I do know they are setting with users of Dexcom too, on the Omnipod 5, is it the 6?

I haven’t been told their plans for other set ups, I know that they offer other pumps, I think they offered me 5 options when I first asked. Due to the sport there was 2 patch options for me, so I didn’t look into any of the others.

I know the team do office to support on all of the sensors. And a number of pumps I believe that Tameside in general is very pro pump the nurse commented on Tuesday that years ago DSN didn’t get involved as a whole in pumps, there would be one specialist. Whereas now the whole team is trained and they roll them out to newly diagnosed as early as possible.

When I first asked about pumps, they did say that the Omnipod and the other patch were cheaper for funding and easier to access due to not being tied into a contract. I think the pay as you go type set up of the patch pumps makes it more flexible than a long-term investment in other types. I don’t think this is policy. They are just using what they have available to help people quicker. I was told I could pick any type pump, that they always offer the patient what works for them best.
 
When I attended the session for the Omnipod 5 system recently, we were all Libre users apart from one woman who had a Dexcom. She tried for a while during the session but found it really fiddly, so decided to switch there and then to a Libre 2+.

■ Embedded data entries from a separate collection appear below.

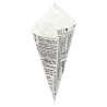 Kegel van vetvrij papier met een Times-design dat de pagina's van een krant simuleert. Ontdek de meest functionele, professionele en ecologische manier om je gefrituurde eten te serveren.
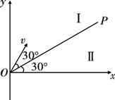 ,第一象限内有两个方向都垂直纸面向外的匀强磁场区域I和II,直线OP是它们的边界,OP上方区域I中磁场的磁感应强度为B。一质量为m,电荷量为q的质子(不计重力)以速度v从O点沿与OP成
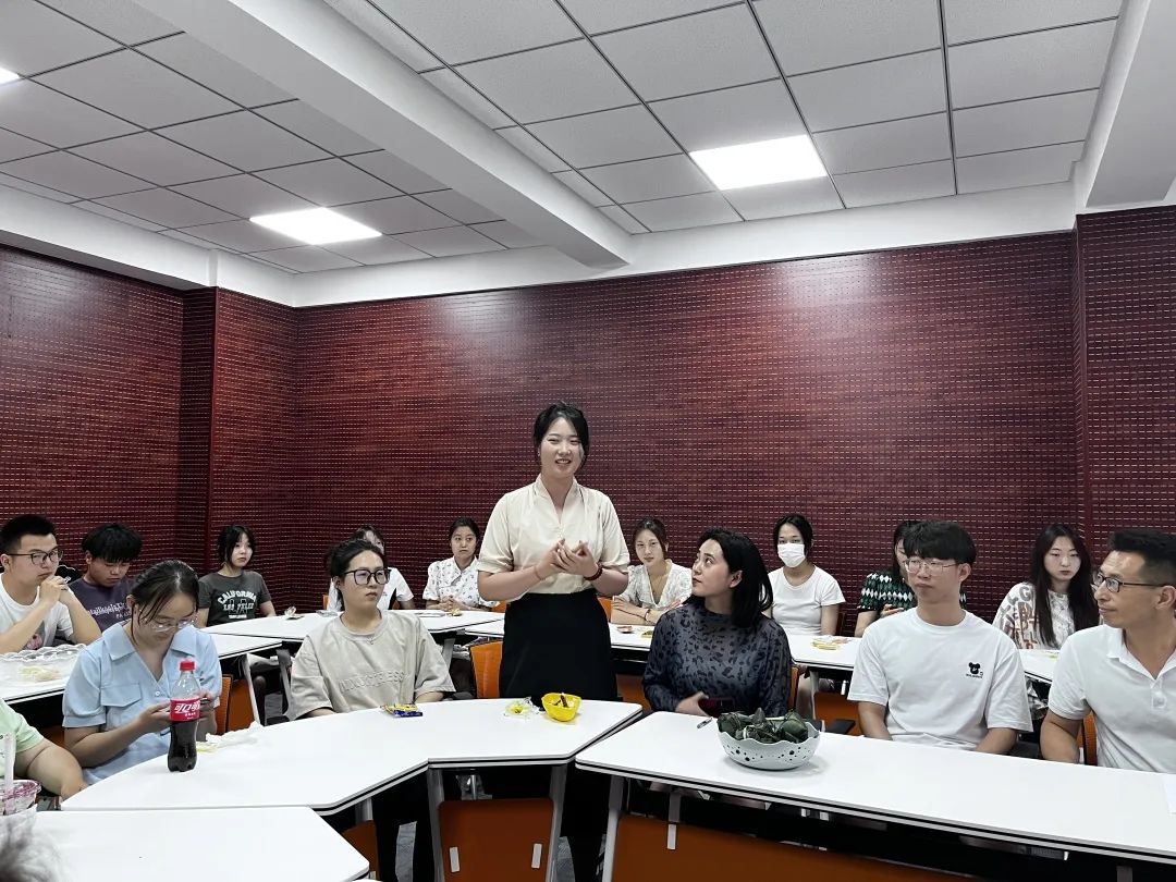 金融科技21-2班张茗以一段视频向大家讲述了端午节的来历和习俗,并指出同学们应该通过端午节进一步了解中华优秀传统文化,坚定文化自信、涵养家国情怀。2019级的优秀毕业生代表们为学弟学妹们送出寄语与美好祝福,希望大家能够珍惜美好的大学时光,把握每一次突破自己的机会,留下美好青春中的点滴回忆。藏族同学法学22-2班次仁玉珍为大家演唱了藏族歌曲,大家品尝着学院准备的香甜可口的粽子和水果零食,相互交流体会和感悟,在欢声笑语中畅谈学习、工作与未来。
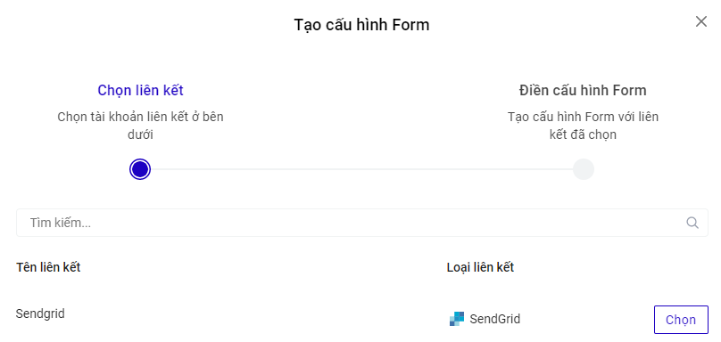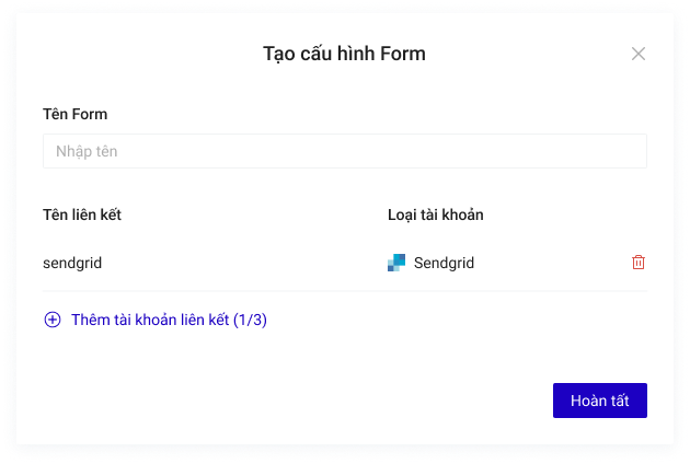 Truy cập trang builder.ladipage.comarrow-up-right, chọn menu Landing Pages -> Cấu hình form-> Tạo cấu hình form -> Form data -> Tạo tài khoản liên kết .Sau đó lựa chọn Loại tài khoản là SendGrid
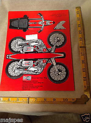 RARE RARE Antique Champion Spark Plug Popout Motorcycle Poster Print Toy
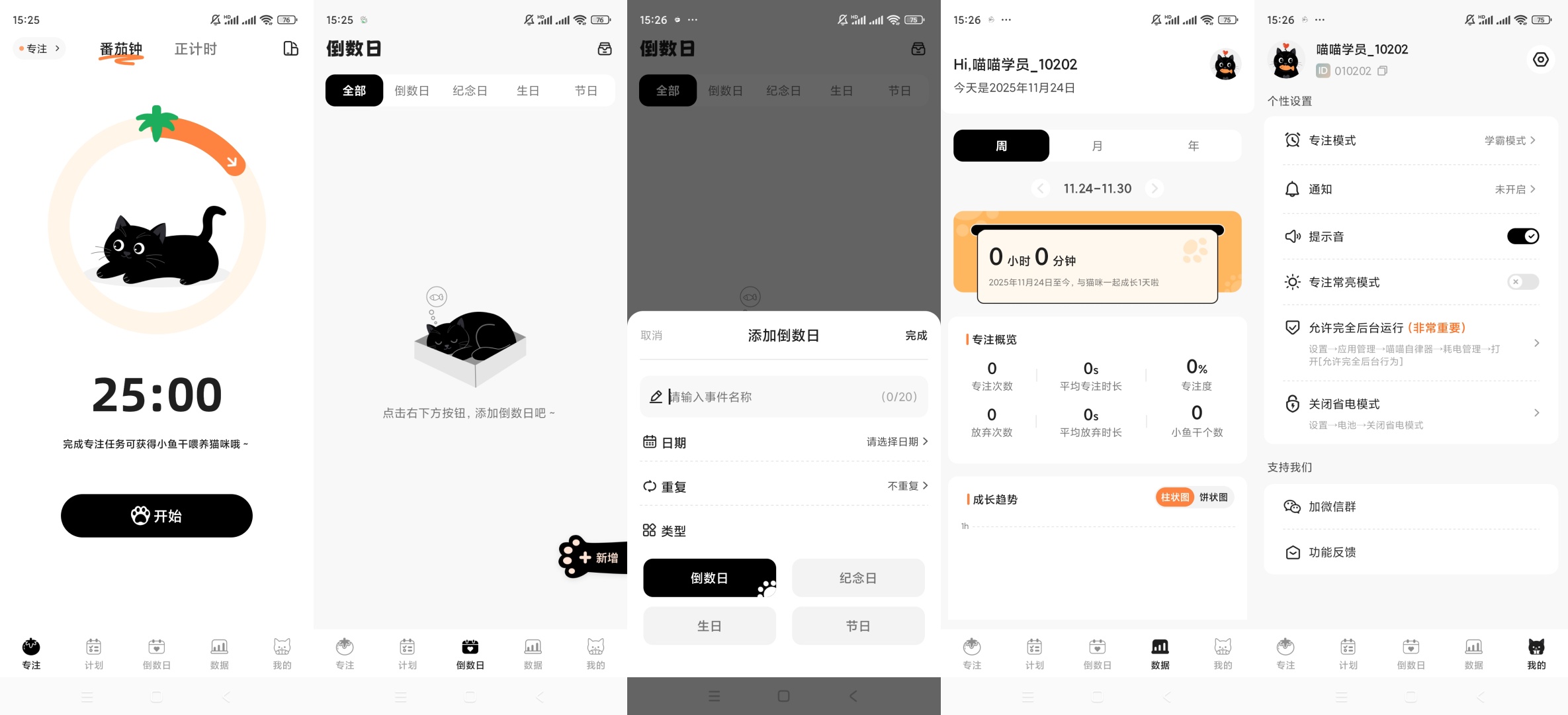 【官方介绍】:喵喵自律器,专为需要集中注意力的用户设计的自律APP。提供多种模式,适用于不同场景,支持打卡签到,并以图表形式呈现,帮助用户随时关注自律情况,提升效率。可以通过专注模式获得小鱼干,云养猫咪,获得暖心鼓励,记录生活进步,感受成长。
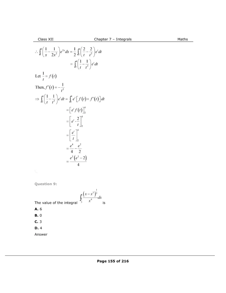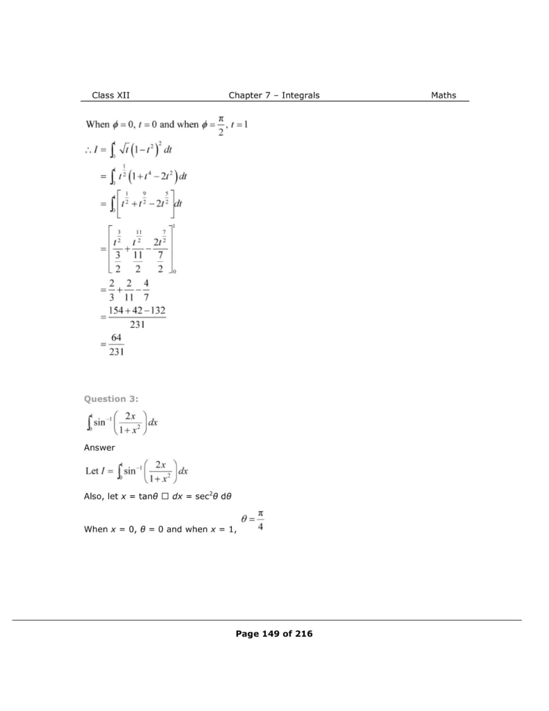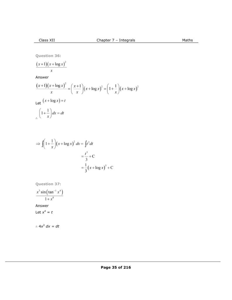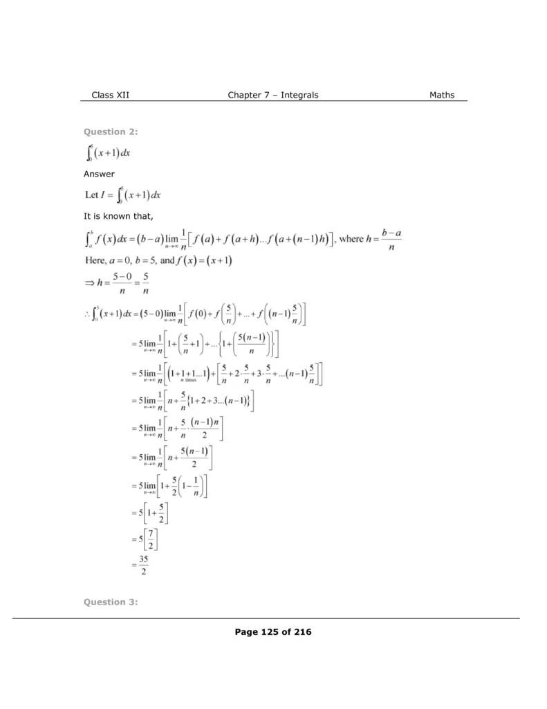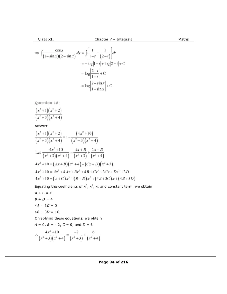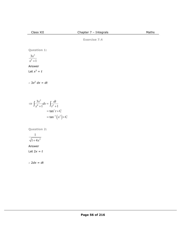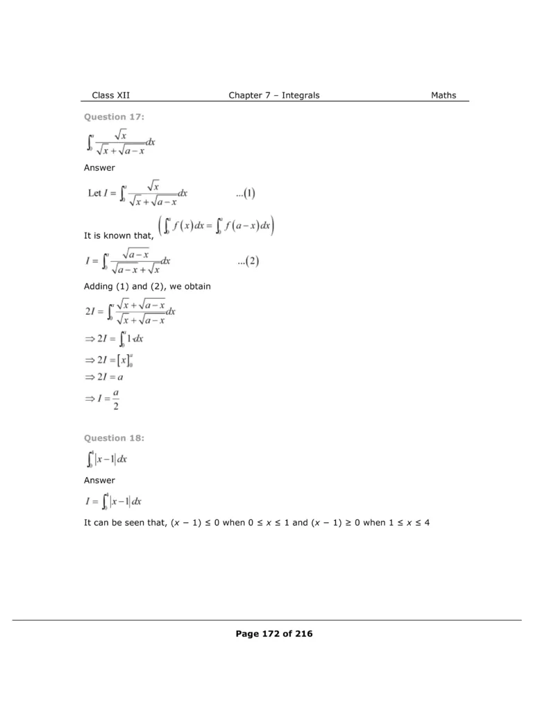 Download The PDF of NCERT Solutions for Class 12 Maths Chapter 7 "Integrals"
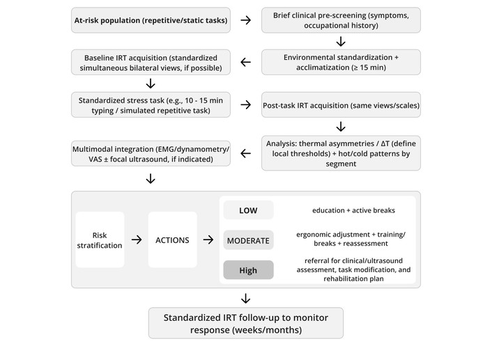 To delineate the utility of IRT, under standardized protocols, as a complementary tool for screening, risk assessment, and monitoring of WMSDs in occupational health, including its application within multimodal interpretation models.
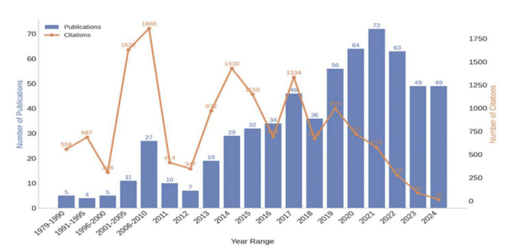 Another large bibliometric study examining publications from 1979 to 2024 identified 618 scientific documents and more than 14,700 citations related to dry needling and myofascial trigger points.The analysis revealed that early research output was limited, with only a handful of publications appearing between 1979 and the early 1990s. However, after 2010, the number of studies increased substantially, reflecting the growing clinical adoption of dry needling within rehabilitation sciences, physical therapy, sports medicine, and pain management.

When I was moved onto the pump system in March, I was taken by the Medtronic (minimed?) system but the thought of being tied to a system for 4 years was a bit daunting. I opted for the Omnipod Dash, as did the vast majority of those in attendance, knowing that we could switch to a different system if it did not work out.

As I mentioned in another post, there are 1800 people in this area who need to be moved onto the closed loop system. I think I qualified for the same reasons as @PhoebeC as my HBA1C and management of the condition are both 'excellent' according to my DSN.
 
Are you saying they’re only really looking at people who have a pump that can loop with the Libre? Does that not limit pump choice a lot? Is that allowed in the guidelines?
As I understand it this is additional to the criteria: anybody already using a pump and a CGM which can be made into an HCL (at least one of the supported ones, I guess) should be able to have that happen even if they wouldn't qualify under TA943.
 
Thanks @Bruce Stephens I’m asking, sadly, because my local authority are seriously messing people with non-Libre CGMs around. I can’t see that this is a national decision and I’m furious. Ideally I’d be waving some rule in their face to stop them.
 
Hi @Lily123 Are you already using a pump and if so, is it capable of looping with your current CGM? If so, there is no funding needed, just the time involved to sort out your training. If you aren't on a pump, then I think some areas are prioritising training those people who have a pump and CGM already to get them onto closed loop before moving more people onto pumps. I think the problem is limited staff to train people as much as funding, so they are hanging back on new pump starts, other than priority ones like small children and pregnant women, until they have the majority of people currently pumping onto HCL, if they want it. This may not be the case in your area of course, as different clinics have different issues and priorities.
 
That’s interesting @PhoebeC about the CGM funding and good that you’ve now got a closed loop.
 
Hi @Lily123 Are you already using a pump and if so, is it capable of looping with your current CGM? If so, there is no funding needed, just the time involved to sort out your training. If you aren't on a pump, then I think some areas are prioritising training those people who have a pump and CGM already to get them onto closed loop before moving more people onto pumps. I think the problem is limited staff to train people as much as funding, so they are hanging back on new pump starts, other than priority ones like small children and pregnant women, until they have the majority of people currently pumping onto HCL, if they want it. This may not be the case in your area of course, as different clinics have different issues and priorities.
I’m not on a pump, I use Novorapid and Tresiba and a Dexcom G6.

I should have mentioned that it in the original post, sorry!
Yeah, you’re probably right about the priorities and the staffing levels.